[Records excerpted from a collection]
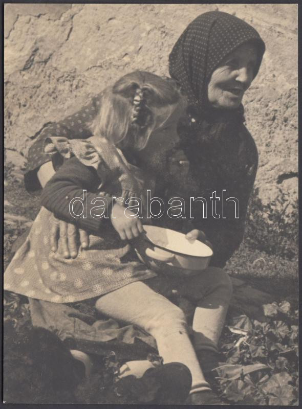 Leírás: cca 1930 Egyél kis unokám, szociofotó, 13x18 cm
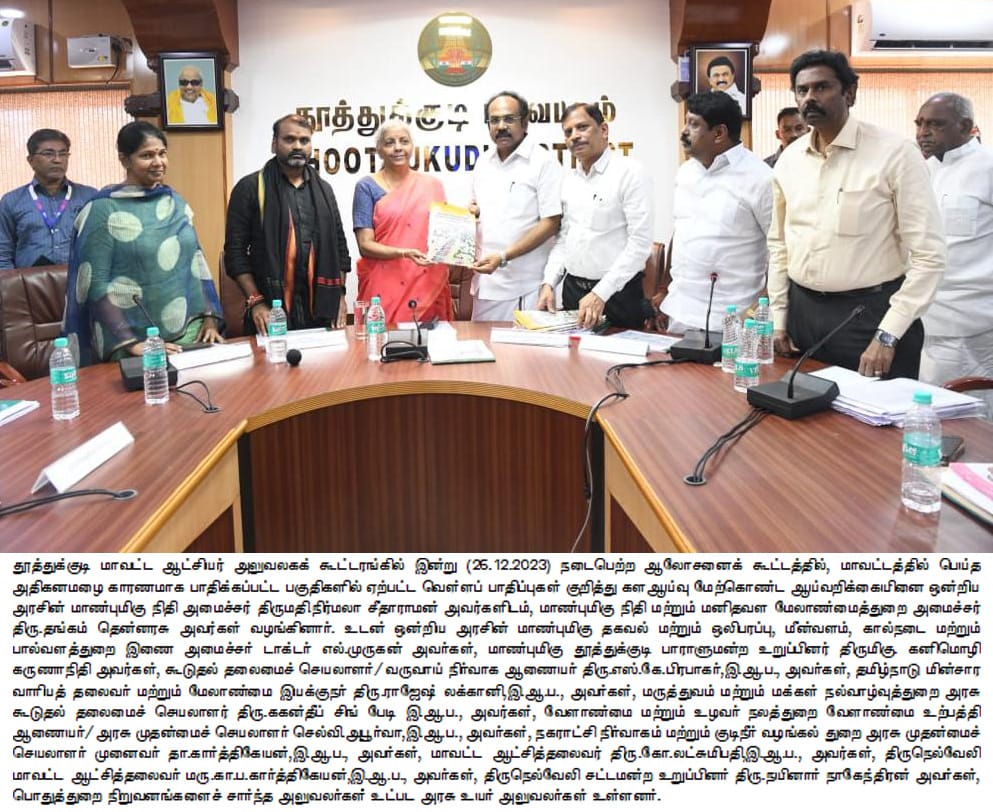 ஒன்றிய அரசின் நிதியமைச்சர் நிர்மலா சீதாராமன், நிதி மற்றும் மனிதவள மேலாண்மைத்துறை அமைச்சர் தங்கம் தென்னரசு முன்னிலையில் கலெக்டர் அலுவலக கூட்டரங்கில், தூத்துக்குடி மாவட்டத்தில் பெய்த அதிக கனமழையின் காரணமாக பாதிக்கப்பட்ட பகுதிகளில் ஏற்பட்ட வெள்ளப் பாதிப்பு குறித்து அரசு உயர் அலுவலர்களுடன் ஆலோசனை மேற்கொண்டார்.
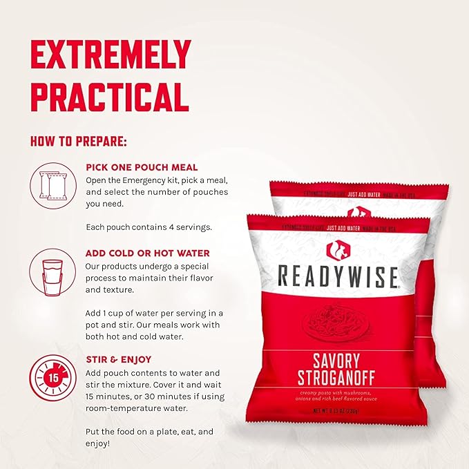 Het bereiden van deze maaltijden is eenvoudig en vereist minimale middelen. Veel van de gerechten kunnen worden bereid met alleen water en een warmtebron, zoals een kooktoestel of kampvuur. Dit maakt het ReadyWise Noodrantsoen ideaal voor gebruik in verschillende omgevingen, van noodsituaties tot outdooravonturen.
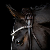 Das geschwungene Stirnband ist mit großen, klaren Rivoli-Kristallsteinen ausgeführt, die für den typischen SD Design Style sorgen. Die großen Kristallsteine funkeln bei jeder Bewegung deines Ponys oder Pferdes im Sonnenlicht. Dadurch wird die klare und luxuriöse Optik dieser rundgenähten SD Design Kandare perfektioniert.
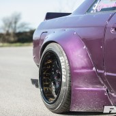 The rear ducktail spoiler is also intended for an S13, though this time the PS13 coupe version, and it’s all held on with countersunk rivnuts. In fact the rear GT-R arches are riveted on to the original rear quarters, then the Rocket Bunny arches on top of that!
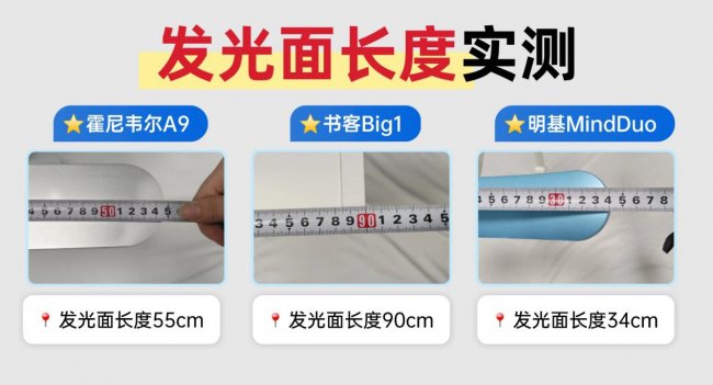 书客Big1的发光面长度达到90cm,这一点在三款中几乎形成了“物理级优势”。搭配900mm航空级光学长臂与460颗SunArc全光谱灯珠的高密度线性排布,光线能均匀铺展,轻松覆盖近2米宽的桌面。实际使用时,它不是把光集中打在书本上,而是形成一个完整、连续的桌面光场,哪怕书本前后移动,亮度变化也非常小。霍尼韦尔A9的发光面为55cm,能够很好覆盖1.2米左右的书桌,核心学习区域照度稳定,但在桌面进一步拉宽时,边缘区域会出现自然衰减。明基MindDuo的发光面长度为34cm,更适合单人、集中式使用场景,对桌面布局的依赖会更明显。
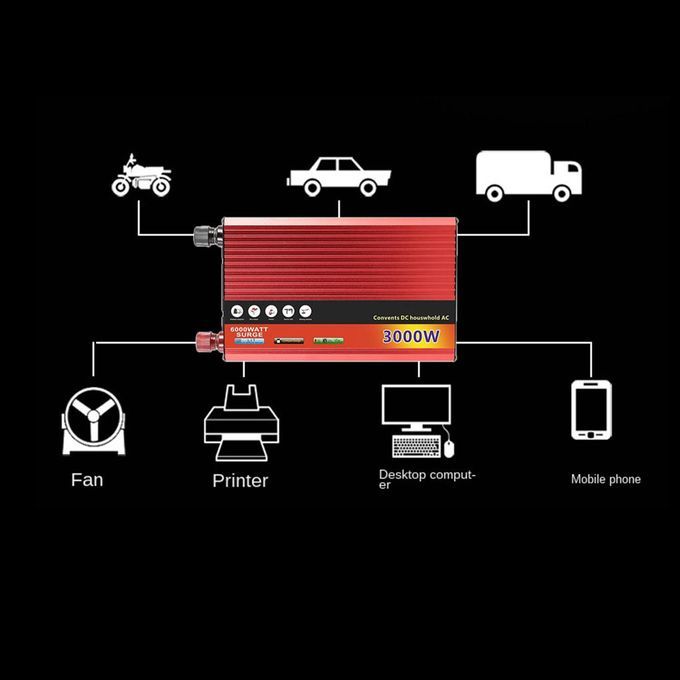Power inverter, product model: 3000W.Peak power: 3000W, rated power: 1500W, input voltage: 12V, 24V, 48V, 60V.Output voltage: 220V.Output frequency: 50Hz, no-load current 0.6A, conversion efficiency 90%.
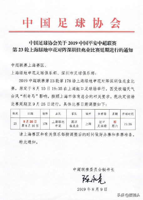 因为受到超强台风“利奇马”影响,上海足协今日发布公告,中超第23轮申花主场和深圳的比赛延期进行。随后中国足协也确认了这场比赛的补赛日期,将放在9月26日进行,即联赛的下个间歇期期间补赛。
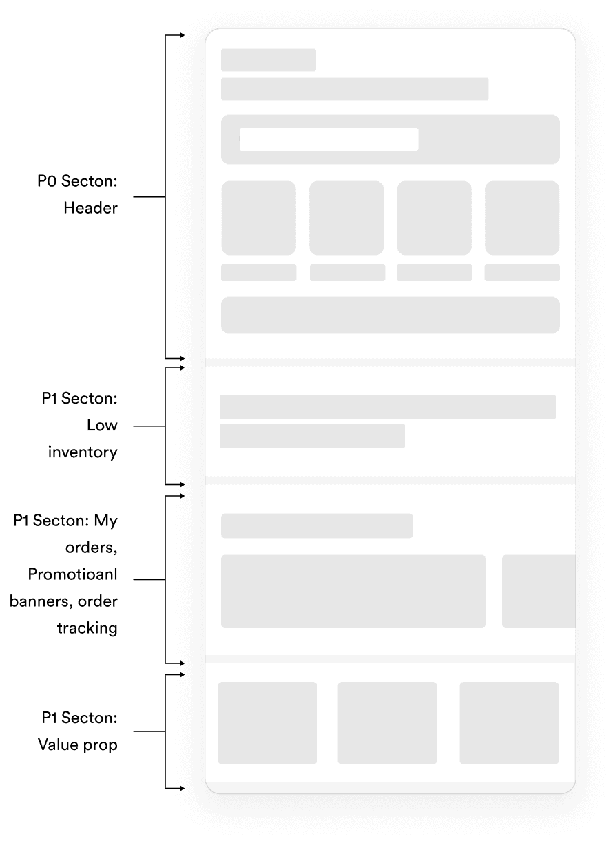 P0 Section is kept sticked at the top and is the main header consisting product categories, search, address, auto-order.
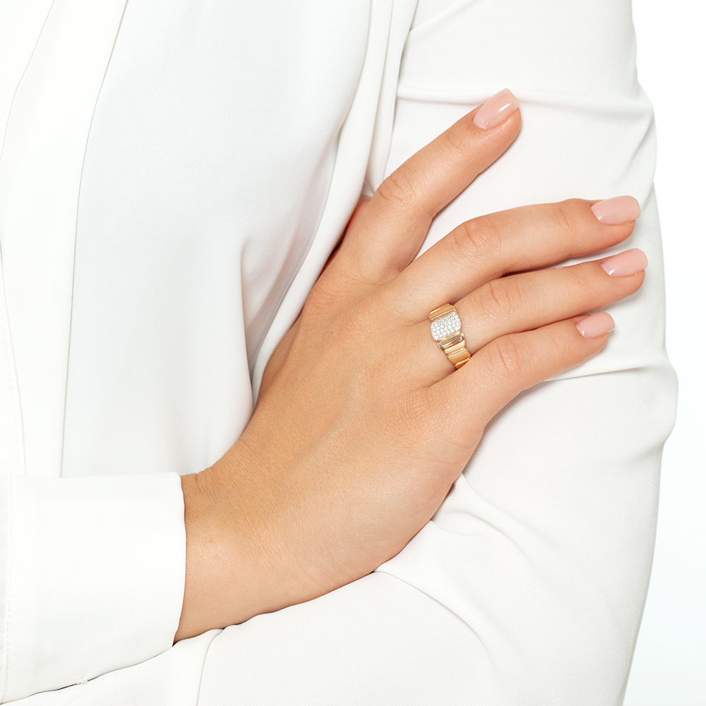 Роскошное кольцо привлекает внимание необычным сочетанием цветов и смелым дизайном. Выполнено оно из комбинации красного и белого золота 585 пробы, что создает эффект игры света и тени. Поверхность кольца украшена фианитами, придающими ему дополнительный блеск и шик. Такое изделие станет ярким акцентом в вашем образе и привлечёт восхищённые взгляды окружающих. Представлено брендом ROSE GRACE. Средняя характеристика камней: 33 Фианит Кр 1,00 В комплект поставки входит:

REQUIRED WORK: Copy all entries exactly; skip pictures.

WRITTEN ANSWER:
 Leírás: cca 1930 Egyél kis unokám, szociofotó, 13x18 cm
 ஒன்றிய அரசின் நிதியமைச்சர் நிர்மலா சீதாராமன், நிதி மற்றும் மனிதவள மேலாண்மைத்துறை அமைச்சர் தங்கம் தென்னரசு முன்னிலையில் கலெக்டர் அலுவலக கூட்டரங்கில், தூத்துக்குடி மாவட்டத்தில் பெய்த அதிக கனமழையின் காரணமாக பாதிக்கப்பட்ட பகுதிகளில் ஏற்பட்ட வெள்ளப் பாதிப்பு குறித்து அரசு உயர் அலுவலர்களுடன் ஆலோசனை மேற்கொண்டார்.
 Het bereiden van deze maaltijden is eenvoudig en vereist minimale middelen. Veel van de gerechten kunnen worden bereid met alleen water en een warmtebron, zoals een kooktoestel of kampvuur. Dit maakt het ReadyWise Noodrantsoen ideaal voor gebruik in verschillende omgevingen, van noodsituaties tot outdooravonturen.
 Das geschwungene Stirnband ist mit großen, klaren Rivoli-Kristallsteinen ausgeführt, die für den typischen SD Design Style sorgen. Die großen Kristallsteine funkeln bei jeder Bewegung deines Ponys oder Pferdes im Sonnenlicht. Dadurch wird die klare und luxuriöse Optik dieser rundgenähten SD Design Kandare perfektioniert.
 The rear ducktail spoiler is also intended for an S13, though this time the PS13 coupe version, and it’s all held on with countersunk rivnuts. In fact the rear GT-R arches are riveted on to the original rear quarters, then the Rocket Bunny arches on top of that!
 书客Big1的发光面长度达到90cm,这一点在三款中几乎形成了“物理级优势”。搭配900mm航空级光学长臂与460颗SunArc全光谱灯珠的高密度线性排布,光线能均匀铺展,轻松覆盖近2米宽的桌面。实际使用时,它不是把光集中打在书本上,而是形成一个完整、连续的桌面光场,哪怕书本前后移动,亮度变化也非常小。霍尼韦尔A9的发光面为55cm,能够很好覆盖1.2米左右的书桌,核心学习区域照度稳定,但在桌面进一步拉宽时,边缘区域会出现自然衰减。明基MindDuo的发光面长度为34cm,更适合单人、集中式使用场景,对桌面布局的依赖会更明显。
Power inverter, product model: 3000W.Peak power: 3000W, rated power: 1500W, input voltage: 12V, 24V, 48V, 60V.Output voltage: 220V.Output frequency: 50Hz, no-load current 0.6A, conversion efficiency 90%.
 因为受到超强台风“利奇马”影响,上海足协今日发布公告,中超第23轮申花主场和深圳的比赛延期进行。随后中国足协也确认了这场比赛的补赛日期,将放在9月26日进行,即联赛的下个间歇期期间补赛。
 P0 Section is kept sticked at the top and is the main header consisting product categories, search, address, auto-order.
 Роскошное кольцо привлекает внимание необычным сочетанием цветов и смелым дизайном. Выполнено оно из комбинации красного и белого золота 585 пробы, что создает эффект игры света и тени. Поверхность кольца украшена фианитами, придающими ему дополнительный блеск и шик. Такое изделие станет ярким акцентом в вашем образе и привлечёт восхищённые взгляды окружающих. Представлено брендом ROSE GRACE. Средняя характеристика камней: 33 Фианит Кр 1,00 В комплект поставки входит:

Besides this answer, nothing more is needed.